Saint James' the Elder church is a Romanesque church in Štvrtok na Ostrove, Slovakia. The church was first mentioned in 1333. The consecration to Saint James the Elder is the oldest to this Apostle in Slovakia.

The prevailing building material used for the original construction in the mid-13th century building boom were bricks. The majority of the romanesque churches in this region of Slovakia is from this period. The two-tower design though makes this church unique on the Žitný ostrov. The only similar one is the church of the Benedictine Abbey of Diakovce. The original face of the church is unknown. It was a single-nave building with a two-tower facade. What the sanctuary once looked like is not known. It is probable that it had the form of an apse with a semi-circular ending, like in the neighboring villages of Mierovo and Alžbetin Dvor, or with a straight end, like in the neighboring village of Hubice.
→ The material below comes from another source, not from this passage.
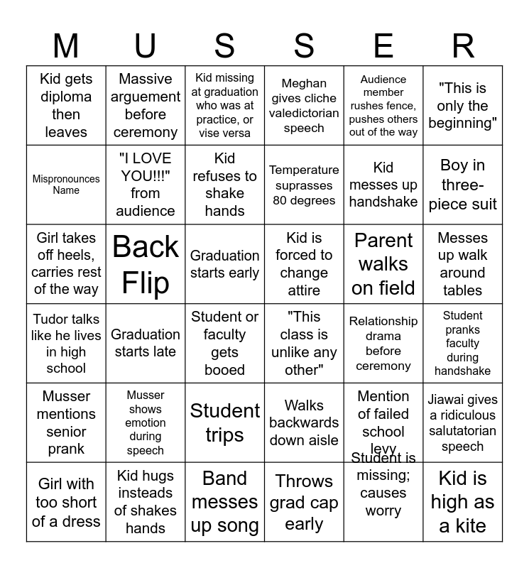 This bingo card has 36 words: Walks backwards down aisle, Student trips, Throws grad cap early, Mispronounces Name, Tudor talks like he lives in high school, Kid is forced to change attire, "I LOVE YOU!!!" from audience, Band messes up song, Audience member rushes fence, pushes others out of the way, Mention of failed school levy, Boy in three-piece suit, Meghan gives cliche valedictorian speech, Jiawai gives a ridiculous salutatorian speech, Back Flip, Temperature suprasses 80 degrees, Kid gets diploma then leaves, Musser mentions senior prank, Parent walks on field, Girl takes off heels, carries rest of the way, Kid missing at graduation who was at practice, or vise versa, Graduation starts early, Graduation starts late, "This class is unlike any other", Student or faculty gets booed, Relationship drama before ceremony, Massive arguement before ceremony, Kid messes up handshake, Kid hugs insteads of shakes hands, Kid refuses to shake hands, "This is only the beginning", Kid is high as a kite, Girl with too short of a dress, Student pranks faculty during handshake, Messes up walk around tables, Musser shows emotion during speech and Student is missing; causes worry.

The church is not a classic brick building because the foundations and the lower part of the towers along with other architectural details are made of stone. The existing polygonal presbytery replaced the apse in the 14th century. An earthquake with the epicentre in Komárno struck the church in 1590. The impaired structure caused the northern tower to collapse. It was rebuilt and simultaneously the original single-nave space was arched with two supporting pillars which changed it into a two-naved space. The northern nave was built out and a two-storey building with a square ground plan was added to the southern tower. The medieval character of the church was enhanced during its renovation in the 1960s and 1970s when the neo-gothic southern entrance hall was removed and the first floor of the southern tower received a pair of composite windows.